Einer dieser Bereiche ist der Reichsstadt Dortmund gewidmet, die 1803 ebenfalls ihre Selbständigkeit verlor und deren Klöster und Stifte durch die neuen Landesherren in Besitz genommen wurden. Die letzten vier Bereiche veranschaulichen die praktischen Konsequenzen der Säkularisation. Die Schicksale einiger heimatlos gewordenen Mönche und Nonnen werden ebenso beleuchtet wie die Auswirkungen auf die klostereigenen Kunstschätze. Illuminierte Handschriften des Mittelalters, Tafelbilder, Skulpturen und liturgische Gefäße erzählen vom rücksichtslosen Umgang mit sakralen Kostbarkeiten und von den Spuren ihrer oft abenteuerlichen Odyssee.
Der Ausstellungsrundgang endet mit der Umnutzung ehemaliger Klöster als Gefängnis, Irrenanstalt oder Fabrik und zeigt die Neubewertung mittelalterlicher Architektur am Beispiel Altenbergs. Zu den Höhepunkten der Präsentation gehören der „Hitda-Codex“ aus dem ehemaligen Damenstift St.

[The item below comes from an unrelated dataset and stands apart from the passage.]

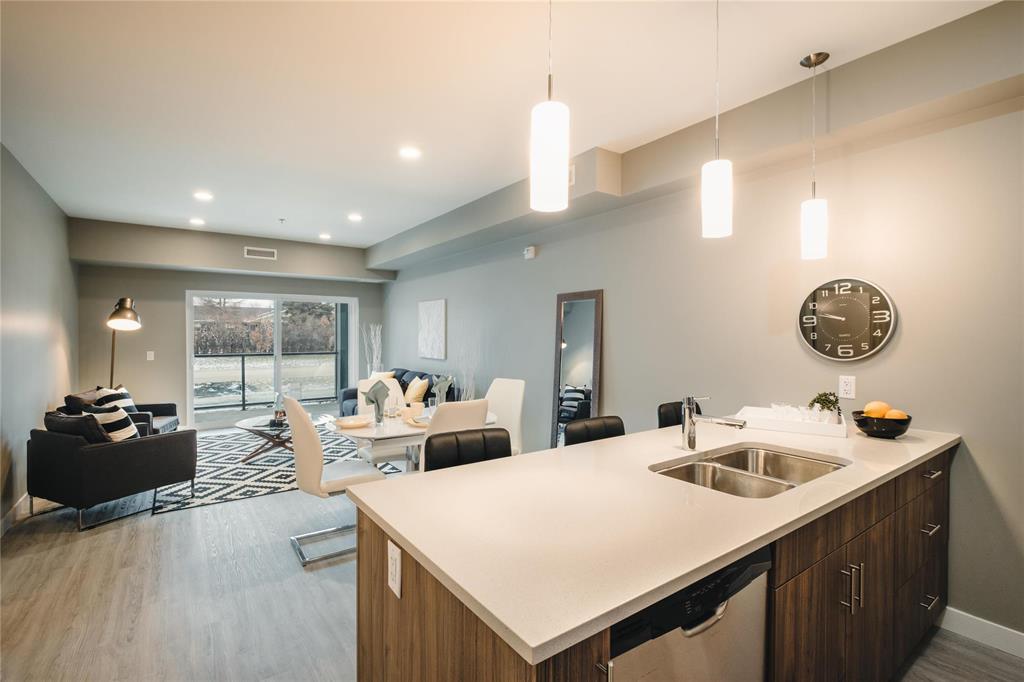 3H//Winnipeg/**TO-BE-BUILT. Completion projected for Fall 2027. Visit our Phase 3 Show Suites for more info: Thursdays 4-7pm, Sundays 1-4pm. Closed Sundays of long weekends. Photos are of a previous show suite with the same layout** Welcome to Bloom & Timber! Located on the 2nd floor facing west, this open concept 1 bedroom floor plan is complimented by 9' ceilings & large patio doors & windows that fill the space with natural light. Quality finishes and features include quartz counter tops, ceramic tile backsplash, kitchen peninsula with space for bar stools, & SS appliances included. LVP flooring is carried throughout the unit, which has a good sized primary bedroom, 4pc bath, laundry room with washer & dryer included, & a balcony. Price includes GST, 1 outdoor parking stall & 1 storage locker. Experience a lifestyle of convenience with the building's amenities - Gym, Business Centre, Common Room, Owner's Lounge, 2 Flex Rooms, 2 Guest Suites. Close to shopping, medical facilities & Lake Winnipeg! (231699595)

Walburgis in Meschede und die Altartafel „Hl. Jakobus“ aus dem Kloster Liesborn. Der „Hitda-Codex“, ein Auftragswerk der Äbtissin Hitda aus dem 11. Jahrhundert, ist in einer Kölner Malerschule entstanden und weist mittelbyzantinische Einflüsse auf. Im Zuge der Säkularisation gelangte die Handschrift in die Hofbibliothek des Landgrafen Ludewig X. von Hessen-Darmstadt und befindet sich heute in der Hessischen Landes- und Hochschulbibliothek Darmstadt.
Abenteuerlich ist die Reise der Altartafel „Hl. Jakobus“, die Anfang des 14. Jahrhunderts im Umkreis des Meisters von Liesborn entstanden ist: Da mittelalterliche Kunst bei den Aufhebungskommissaren zunächst keine Beachtung fand, wurden die Gemälde erst 1825 versteigert. Für den „Hl. Jakobus“ begann damit eine Odyssee. Zunächst wurde er Deckel einer Mehlkiste, nacheinander Teil von zwei Privatsammlungen, Exponat der Londoner National Gallery, Auktionsgut bei Christie, Besitz eines schottischen Marquess und dann versteigert bei Sotheby. Letztlich kehrte er an seinen Bestimmungsort im Museum Liesborn zurück.
Zur Ausstellung ist ein Begleitband mit zahlreichen Abbildungen erschienen. Vorträge führen in die ereignisreiche Zeit um 1800 ein, und bei Stadtrundgängen können sich Interessierte auf die Spuren des Dortmunder Klosterlebens begeben. Das Begleitprogramm wird in Zusammenarbeit mit dem Historischen Verein für Dortmund und die Grafschaft Mark, die Museumsgesellschaft zur Pflege der Bildenden Kunst, dem Katholischen Bildungswerk der Dortmunder Dekanate e.V. und der Dokumentationsstelle für Dortmunder Kirchengeschichte durchgeführt.
Ort:
Museum für Kunst und Kulturgeschichte
Hansastraße 3
44137 Dortmund
Tel.: 0231/50-25522
Fax: 0231/50-25511
mkk@stadtdo.de
http://www.museendortmund.de/mkk/
Öffnungszeiten:
dienstags, mittwochs, freitags und sonntags von 10.00 bis 17.00 Uhr;
donnerstags von 10.00 bis 20.00 Uhr; samstags von 12.00 bis 17.00 Uhr.
Eintritt:
5 Euro, ermäßigt 3,50 Euro, Schulklassen 2 Euro
Dauer:
Die Ausstellung ist noch bis zum 17. August 2003 zu besichtigen.